It is pointless to reassure the humanists that their fears are unfounded. Understandably, the point is not to invalidate critical theory or aesthetics entirely/essentially but to note that it appears that these enormous databases will be searched and collated to reveal meta-patterns which may potentially be "new", and "new" enough to change thinking or generate new fields. The computer won't interpret on its own, but it will allow sorting of data in such a way as to potentially raise vastly different questions on vastly new scales. It will sharpen criticisms which would otherwise not have been generated under the current system of a purely creative confrontation. Embattled texts and opining readers will be somewhat displaced in a climate more likely resembling the early 1900s, in which a great deal of energy was spent doing historical background work on literature. What would before have been white noise/static to the re-interpreting and free ranging single mind could fall out in a more incontrovertible order. It will even be possible to use computational power (including linguistics) to collate bodies of criticism itself. A telescoping of the entire field/criticism will be made possible, as well as a corresponding micro-scoping. The fact that it will be done more quickly and efficiently will not undermine its importance, for it will be readily available. Powerfully programmed super-computers with more or less reasonable parameters will begin to possess and collate the (theorized) invisible margins of the text. In short, computers will begin to do more of the grunt work of the mind. Irreplaceable as the mind on its own terms, it is also limited in certain ways that computers are not. Sheer memory, for one thing.

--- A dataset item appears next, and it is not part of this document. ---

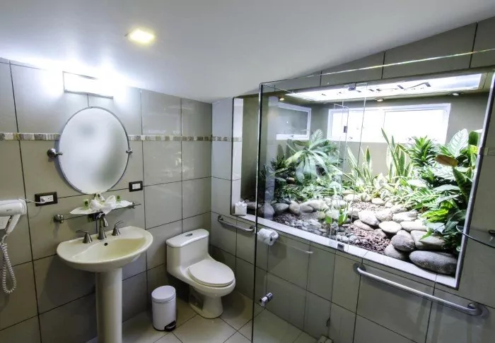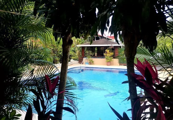 The hotel has only 25 rooms and is built around a small, lush garden with a swimming pool and spa bath in the middle. Here, you can relax in a sun lounger with a good book, or enjoy a cool drink, or a Costa Rican coffee from the hotel bar.

One now is forced to wonder (in the face of this inter-disciplinary opportunity/ impasse): were all clear alternatives placed on the table and duly considered? When Stanley Fish and the poststructuralists rose to dominance in English studies, were they completely in command of the available resources? Although tendentious, Paglia (2009) said this of the current standoff:

Most seriously, poststructuralism did manifest damage to two generations of students who deserved a generous and expansive introduction to the richness of the humanities and who were instead force-fed with cynicism and cant. I fail to see that American students are emerging today even from elite universities with a broad or dis-cerning knowledge of arts and letters. Nor has poststructuralism produced any major new critics-certainly none of the towering scholarly stature once typical of prominent professors who had been educated in the first half of the twentieth century. (p. 1)

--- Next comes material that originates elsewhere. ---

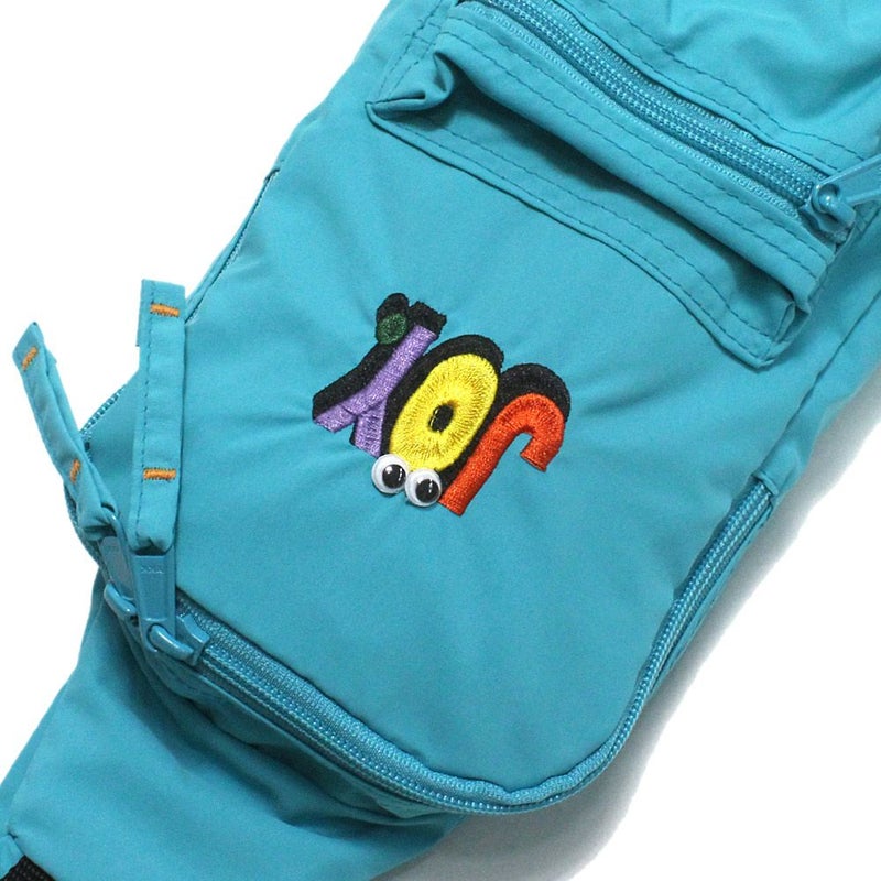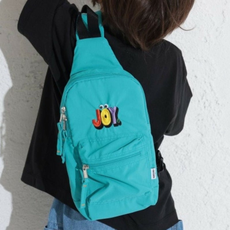 ・目玉アイコンモチーフとロゴ刺繍を組み合わせたPOPで遊び心のあるショルダーバッグ

In her earlier essay on the Classics, she went even further:

The actual mechanics of canon-formation over time were either unknown or ignored: in point of fact, major writers and artists have rarely possessed or were significant beneficiaries of power in the political sense; in most cases (as in that of the embittered Dante) they were eccentrics or social failures... We declare something is important and assign it to the curriculum when we find evidence of its influence on other artists. In other words, the canon is really about artistic or intellectual fertility; it's the dynasty of works that have generated other works. (p. 4)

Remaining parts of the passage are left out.